The key issues that this type of workflow has;
There is a break in continuity between
tag build
andrelease
stages of the CI Build pipelineDevelopment, build and performance testing are performed by different teams, each passing async messages between teams
The feedback loop to developers is manual and slow
There is a lot of manual analysis performed, often with ad-hoc data capture and reporting
The above scenario generally develops due to a number of factors;
Dedicated performance environments are costly and difficult to setup and manage
Performance Analysis (including system performance monitoring and analysis) is generally a specialized role, concentrated in small teams
The time required to manage reliable/accurate benchmarks is often a time sink
Whats the problem?

The further into the development cycle performance testing occurs, the more costly it is to fix performance bugs.[2]
Over the years, methodologies have developed to allow functional tests to be performed earlier in the development lifecycle, reducing the time between functional regressions being introduced and discovered.
This has the benefits of;
Push earlier into development cycle
Discover quality issues more quickly
Reduce cost to fix
Reduce test & deploy cycles
Functional issues are typically easier to fix than Performance issues because they involve specific, reproducible errors in the software’s behavior; therefore, performance testing should be "Shifted-Left" in the same way that functional testing has been
What does it mean to Shift left?
In the traditional Waterfall model for software development, shift left means pushing tests earlier into the development cycle;

In the Agile world
For continually delivered services, "shifting left" incudes an additional dimension;

Not only do we want to include performance tests earlier in the dev/release cycle, we also want to ensure that the full suite of performance tests (or any proxy performance tests) captures performance regressions before multiple release cycles have occurred.
Risks in the managed service world
Managed services changes the risk associated with a software product;
Multiple, Rapid dev cycles; the time period between development and release is greatly reduced
Probability of releasing a product with a performance regression increased
Performance Regressions will effect all customers, immediately
Performance Shift-Left Workflow
In order to manage the changed risk profile of managed services compared to boxed products, an new methodology is required;

In a "Shifted-left" model;
Code Repository Bots allow performance engineers to initiate Upstream Performance Tests against open Pull Requests, returning comparative performance data to workflow that the engineer uses in the day-to-day job.
Integrated Performance Threshold tests provide automated gating of acceptable levels of performance
Continual Performance Testing allows for analyzing trends over time, scaling, soak and chaos type testing, asynchronously from the CI/CD build pipeline
Automated Regression Detection provides automated tooling for detecting catastrophic performance regression related to a single commit, or creeps in performance degradation over time
Continual analysis is performed by experienced engineers, but the process does not require manual intervention with each release.
Engineers are free to focus on implementing features and not worry about performance regressions.
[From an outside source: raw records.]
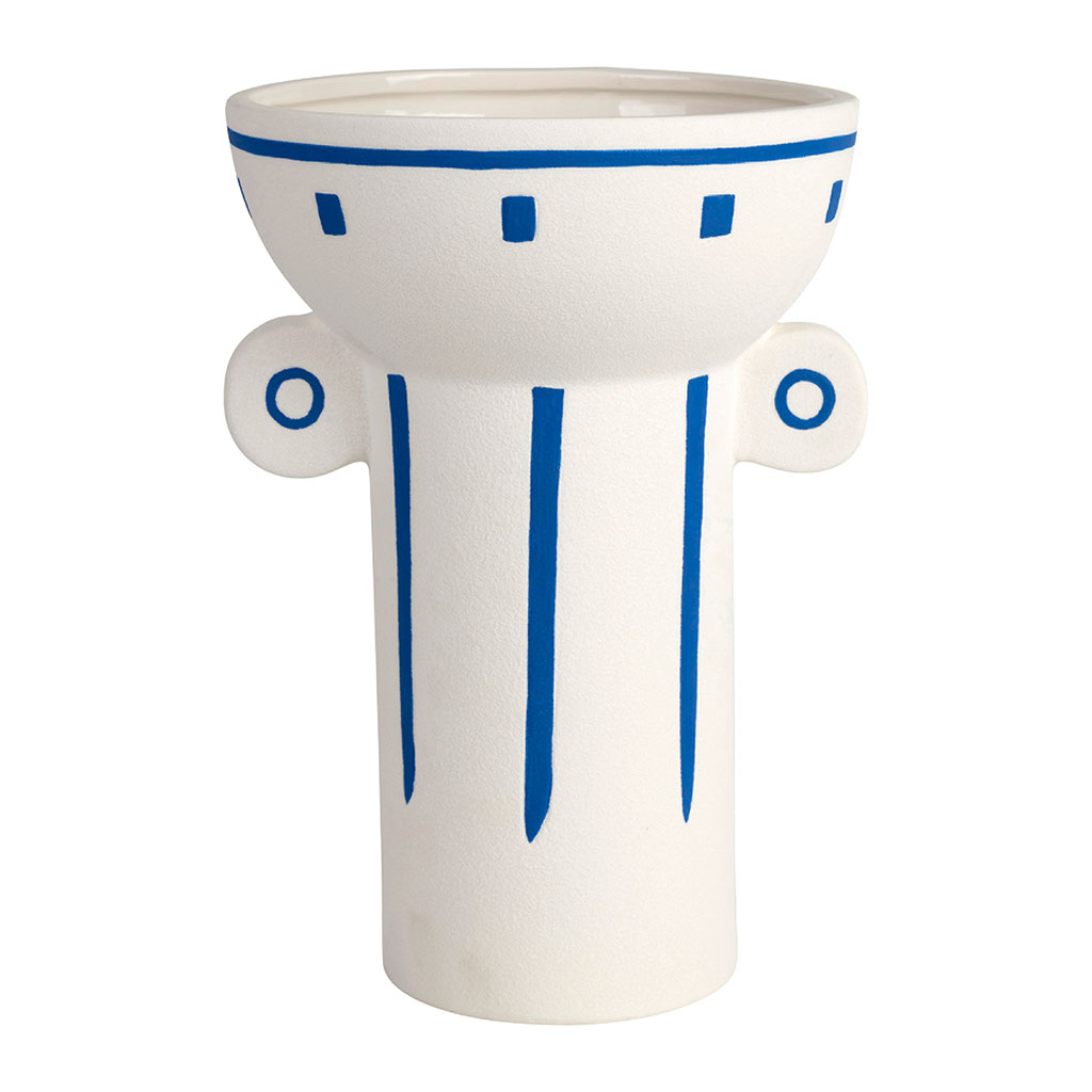 Ce vase en porcelaine aux nuances bleues et blanches se distingue par son design inspiré des traditions grecques.
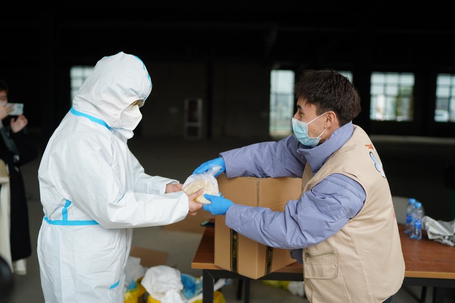 Miradil Mamtawla (R) distributes food to a medical worker in Nanchang, east China's Jiangxi Province, March 21, 2022. (Xinhua/Zhou Mi)
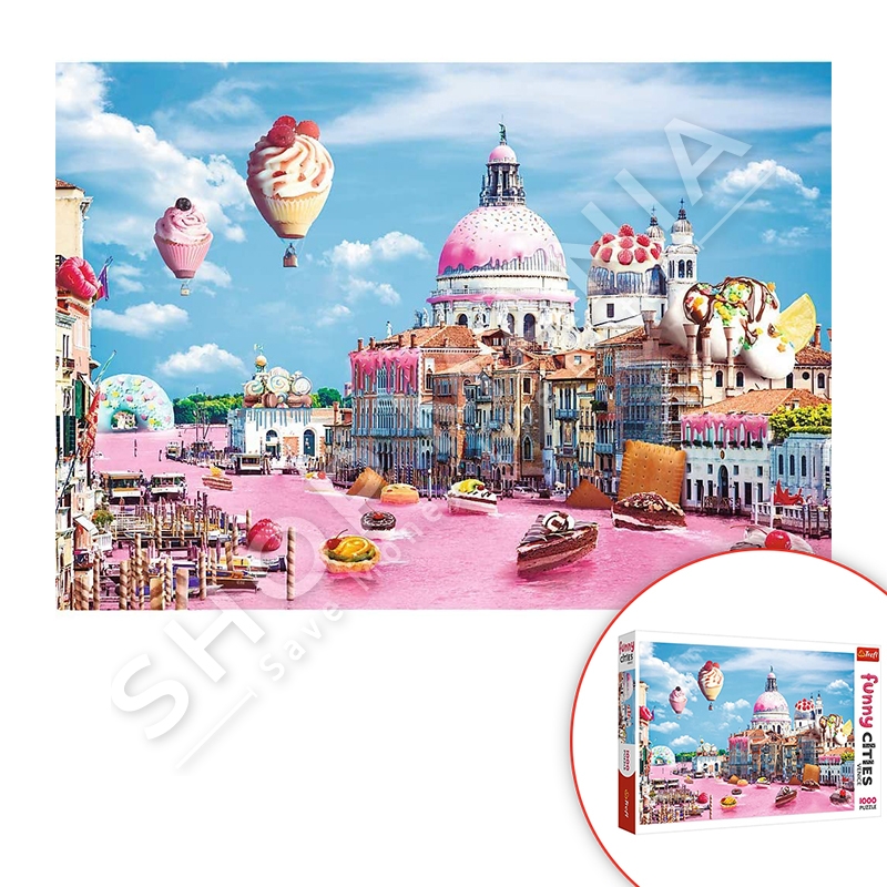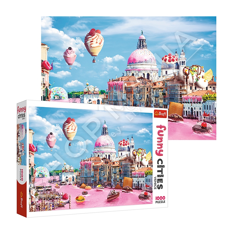 Zhvilloni imagjinaten tuaj sikur nje qytet eshte i bere me embelsira.Trefl ju ndihmon me puzzlen 'Sweets in Venice'.Per te ndertuar kete peisazh jane 1000 pjese te perbera nga material kartoni me cilesi te larte.Ide ideale per dhurate.

When regressions are detected, the information they need to identify the root cause is readily available, in a suitable format.
Code Repository Bots
Code Repository Bots initiate performance tests against PR’s. Their purpose is to allow engineers to make a decision on whether to merge a PR or not. The results need to be actionable by engineers. Profiling data should also be provide to allow engineers to understand what their changes are doing
Receive report & analysis of impact of changes to key performance metrics
Allow automated capture of profiling data of system under load, allowing engineers to see what their changes are doing under realistic scenarios
Triggered from CI/CD pipeline
Automatic / Manual
Performance Results reported in PR
Actionable data for engineers (results/profiles added the PR’s to keep all information co-located for each PR)
Integrated Performance Thresholds
The aim of Integrated Performance Tests is to determine whether a release meets acceptable levels of performance with respect to customer expectations, not to capture changes over time. The results need to be automatically calculated and should provide a boolean Pass/Fail result.
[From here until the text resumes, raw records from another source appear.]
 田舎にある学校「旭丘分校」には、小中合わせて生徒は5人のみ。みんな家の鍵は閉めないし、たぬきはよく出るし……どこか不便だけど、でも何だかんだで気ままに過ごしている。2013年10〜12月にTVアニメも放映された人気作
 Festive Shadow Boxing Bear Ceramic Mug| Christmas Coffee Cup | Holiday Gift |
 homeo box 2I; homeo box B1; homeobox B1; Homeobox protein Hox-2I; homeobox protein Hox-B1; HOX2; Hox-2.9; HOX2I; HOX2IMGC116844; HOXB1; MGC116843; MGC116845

Pass/Fail criteria - the same as functional tests, the performance should be either be acceptable, or not-acceptable
Fully automated - not manual intervention / analysis
Focused on user experience
Threshold based?
Integrated with QE tools
Portable Tests
Limits Thresholds defined by CPT
Continual Performance Testing
The aim of Continual Performance Testing is to perform larger scale performance workloads, that can take time to perform.
These tests can include;
Large scale end-to-end testing
Soak tests
Chaos Testing
Trend analysis
Scale testing
Automated tuning of environment
Detailed profiling and analysis work
Automatic Change Detection
Automated tools that allow detection of changes in key performance metrics over time. Tools such as Horreum[3] can be configured to monitor key performance metrics for particular products and cen be integrated into existing workflows and tools to raise alerts/block build pipelines when a significant change is detected.
The key to incorporating automated tools into the CI/CD pipeline is for the ability for the tools to integrated seamlessly into existing CI/CD pipelines and provide accurate, actionable events.
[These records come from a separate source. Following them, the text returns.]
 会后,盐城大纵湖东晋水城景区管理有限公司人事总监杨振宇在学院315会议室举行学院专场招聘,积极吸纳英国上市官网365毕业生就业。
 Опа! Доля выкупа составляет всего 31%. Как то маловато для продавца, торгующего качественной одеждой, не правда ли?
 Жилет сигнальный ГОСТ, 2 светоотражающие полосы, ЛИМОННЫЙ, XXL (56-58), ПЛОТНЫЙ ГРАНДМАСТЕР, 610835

Continual Profiling & Monitoring
Not all performance issues will be caught during the development lifecycle. It is crucial that production systems are capturing sufficient performance related data that allows performance issues to be identified in production. The data needs to be of sufficient resolution to be able to perform a root case analysis during a post mortem, or provide information to be able to test for the performance issue in the CI/CD pipeline.
Integration with Analytical Tools
In order to understand the performance characteristic of a service running in production, all of the performance metrics captured at different stages of testing (dev, CI/CD, production) need to be accessible for a performance engineer to analyse.
This requires the performance metrics to be collocated, and available for analysis by tools, e.g. statistical analysis tools.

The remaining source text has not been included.